[Entries supplied]
§
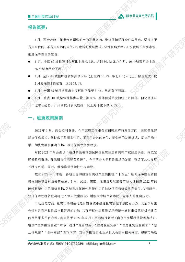 58安居客房产研究院:2022年3月全国租房市场报告.pdf
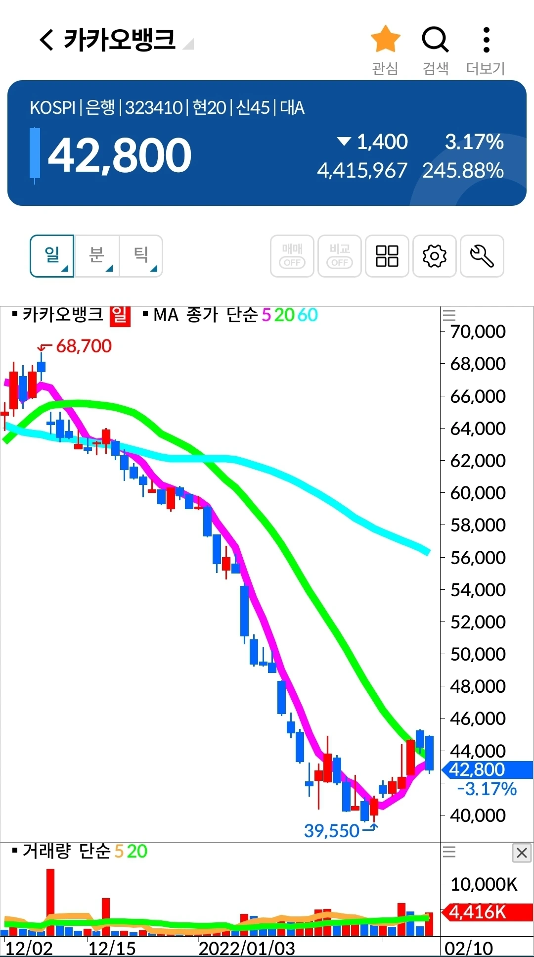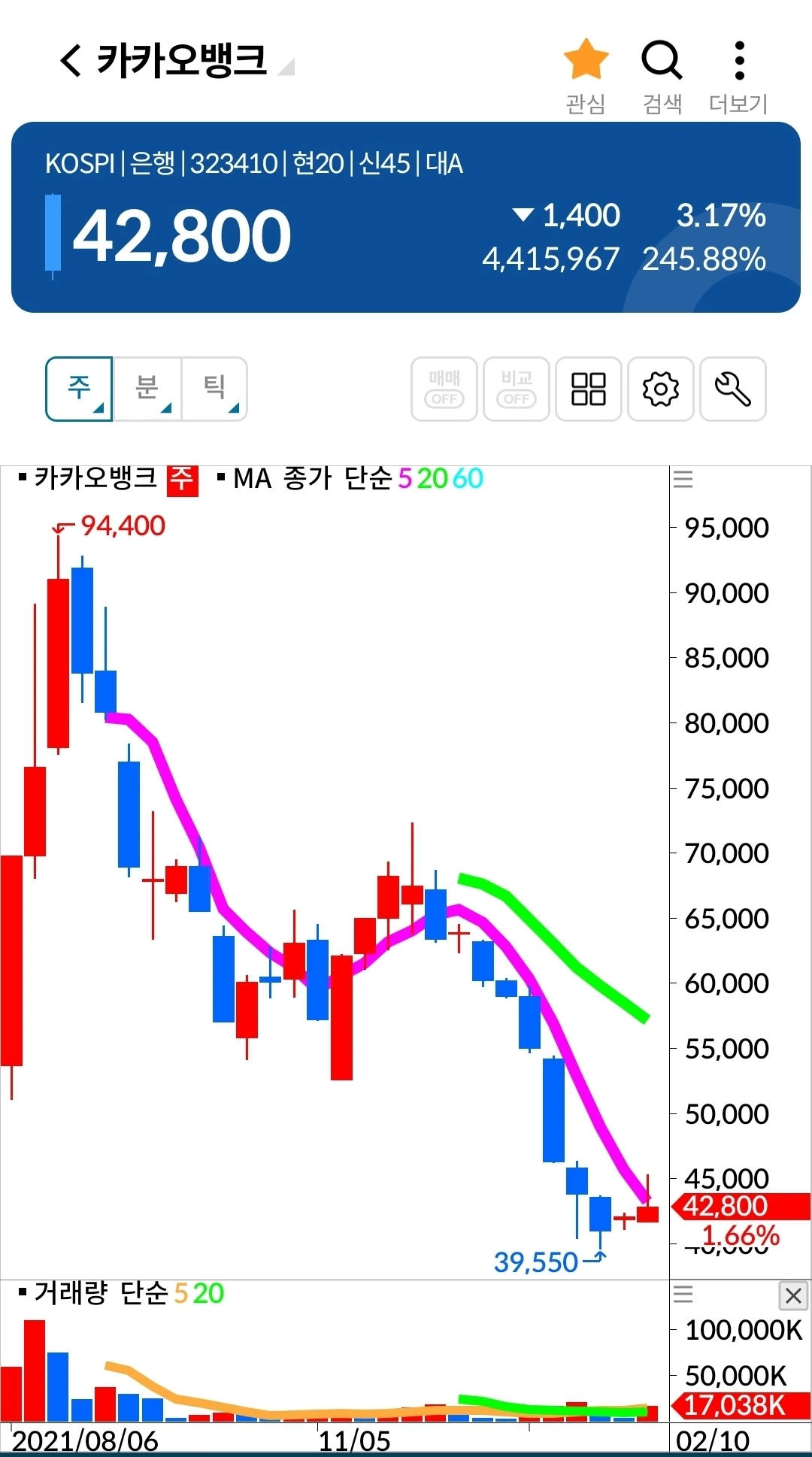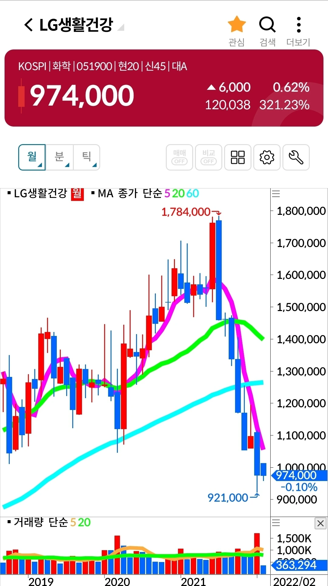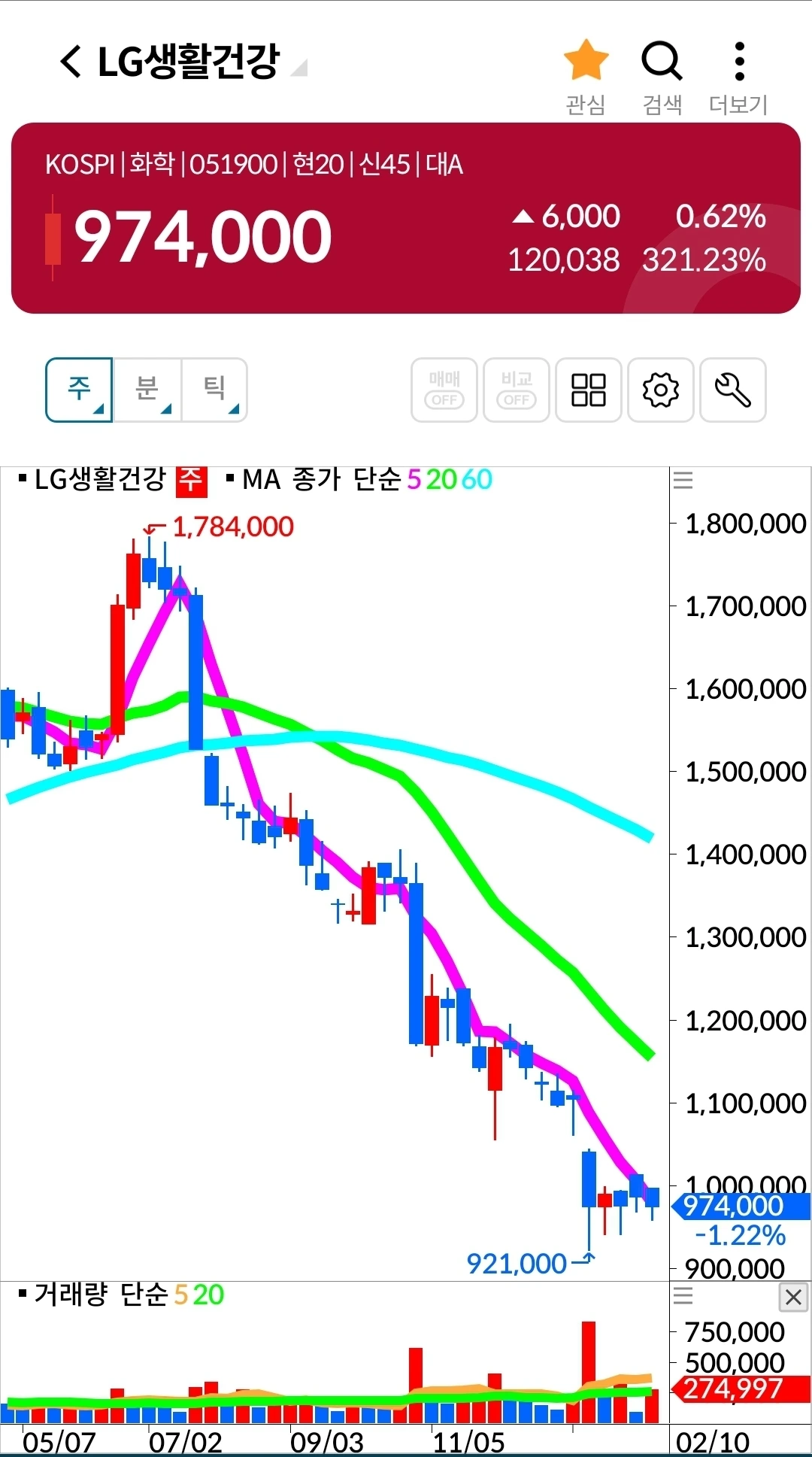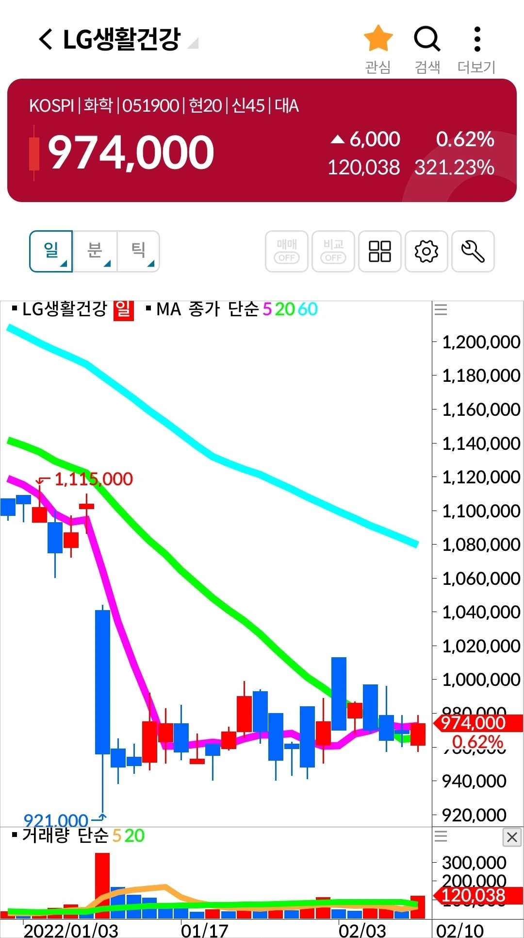 5일선 핑크빛이 20일선 연둣빛 위에 있다. 지켜볼 일만 남았다. 파이팅.
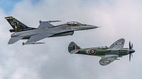Over ‘Flyby Supermarine Spitfire en General Dynamics F-16.’ van Jaap van den Berg
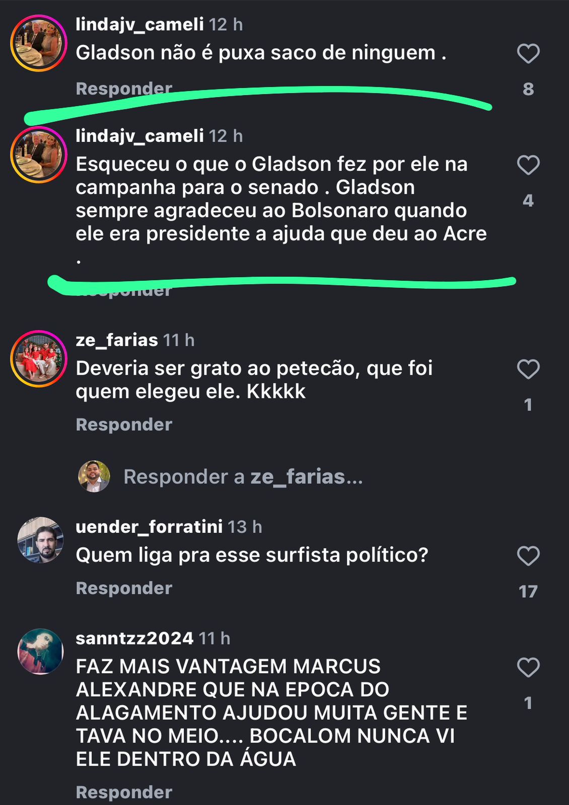 A mãe do governador, dona Linda Cameli, reagiu:
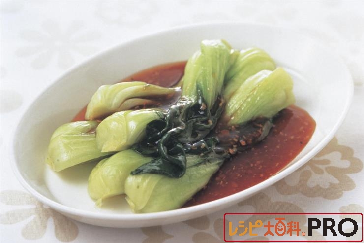 ゆでたチンゲン菜ににんにくの香り漂うコクのあるソースをかけて
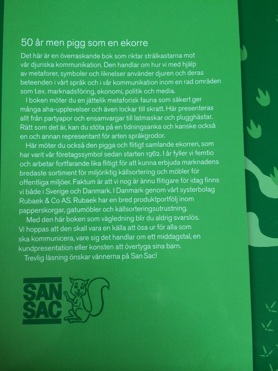 I boken möter du en jättelik metaforisk fauna som säkert ger många aha-upplevelser och även lockar till skratt. Din ciceron under resan pekar ut och presenterar allt från partyapor och ensamvargar till latmaskar och plugghästar. Rätt som det är, kan du stöta på en tidningsanka och kanske också en och annan representant för arten språkgrodor.
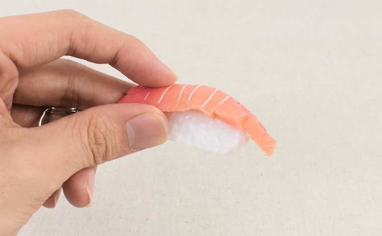 私も鍵につけてみましたが、見た目が強烈なので一気に存在感を発揮。鍵にお寿司という不釣り合いの組み合わせが面白くて、不意に見た時に笑ってしまいそうです。
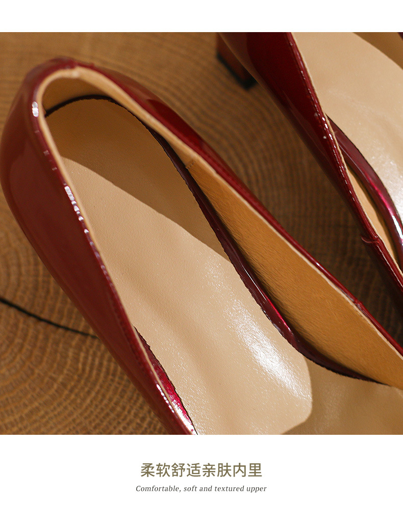 내부 및 외부 전체 가죽 패션 스퀘어 버클 하이힐 2022 봄 뉴 스퀘어 헤드 싱글 레이어 신발 여성용 정품 가죽 작업장 플러스 사이즈 여성 신발
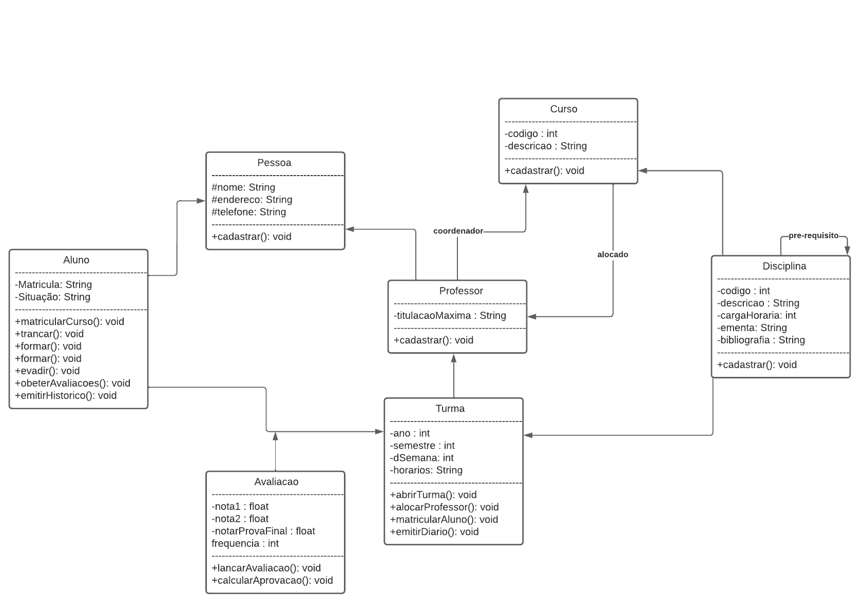 Aluno --------------------------------------- -Matricula: String -Situação: String --------------------------------------- +matricularCurso(): void +trancar(): void +formar(): void +formar(): void +evadir(): void +obeterAvaliacoes(): void +emitirHistorico(): void Pessoa --------------------------------------- #nome: String #endereco: String #telefone: String --------------------------------------- +cadastrar(): void Avaliacao --------------------------------------- -nota1 : float -nota2 : float -notarProvaFinal : float frequencia : int --------------------------------------- +lancarAvaliacao(): void +calcularAprovacao(): void Professor --------------------------------------- -titulacaoMaxima : String --------------------------------------- +cadastrar(): void Turma --------------------------------------- -ano : int -semestre : int -dSemana: int -horarios: String --------------------------------------- +abrirTurma(): void +alocarProfessor(): void +matricularAluno(): void +emitirDiario(): void Curso --------------------------------------- -codigo : int -descricao : String --------------------------------------- +cadastrar(): void coordenador alocado Disciplina --------------------------------------- -codigo : int -descricao : String -cargaHoraria: int -ementa: String -bibliografia : String --------------------------------------- +cadastrar(): void pre-requisito Diagrama em branco Página 1
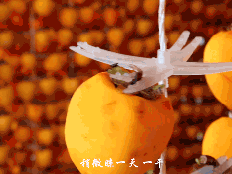 每当制作柿饼的季节,家家户户门口可见一串串整齐吊起来的柿子,如同一面面垂挂着的橘黄色珠帘。
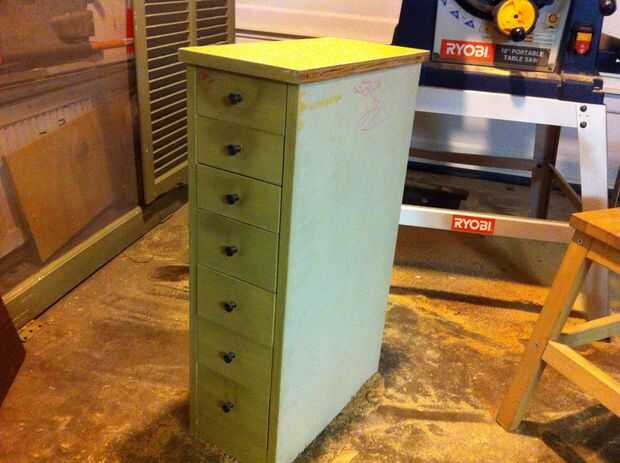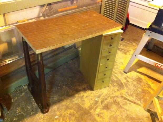 El primer elemento para mí en cualquier proyecto es comenzar mirando a través de lo que tengo que terminar un proyecto y luego comenzar a armar un concepto. Mirando a través de mi casa y especialmente de mi garaje, es una gran fuente de inspiración porque... Soy un acaparador de madera. Allí, dije it... acumulan restos de madera. Y también partes de otros muebles que he guardado para que los pueda utilizar para futuros proyectos en un Dr. Frankenstein experimentación. En este caso, he encontrado la tapa de un viejo mueble de oficina (1-1/4" espesor aglomerado), algunas viejas piernas de escritorio de una oficina previa y una pequeña pila de cajones de guardado de un gabinete construido en. Niño, mi hija que estaba emocionada cuando le mostró un montón de piezas de chatarras y le dijo que sería su nuevo escritorio!!!!!! ¿No es hermoso?
§
[Required work]
Could you set down verbatim the lines from the beginning of the entries above through the line containing "내부 및 외부 전체 가죽", both included, leaving out the pictures?

[Written response]
 58安居客房产研究院:2022年3月全国租房市场报告.pdf
 5일선 핑크빛이 20일선 연둣빛 위에 있다. 지켜볼 일만 남았다. 파이팅.
Over ‘Flyby Supermarine Spitfire en General Dynamics F-16.’ van Jaap van den Berg
 A mãe do governador, dona Linda Cameli, reagiu:
 ゆでたチンゲン菜ににんにくの香り漂うコクのあるソースをかけて
 I boken möter du en jättelik metaforisk fauna som säkert ger många aha-upplevelser och även lockar till skratt. Din ciceron under resan pekar ut och presenterar allt från partyapor och ensamvargar till latmaskar och plugghästar. Rätt som det är, kan du stöta på en tidningsanka och kanske också en och annan representant för arten språkgrodor.
 私も鍵につけてみましたが、見た目が強烈なので一気に存在感を発揮。鍵にお寿司という不釣り合いの組み合わせが面白くて、不意に見た時に笑ってしまいそうです。
 내부 및 외부 전체 가죽 패션 스퀘어 버클 하이힐 2022 봄 뉴 스퀘어 헤드 싱글 레이어 신발 여성용 정품 가죽 작업장 플러스 사이즈 여성 신발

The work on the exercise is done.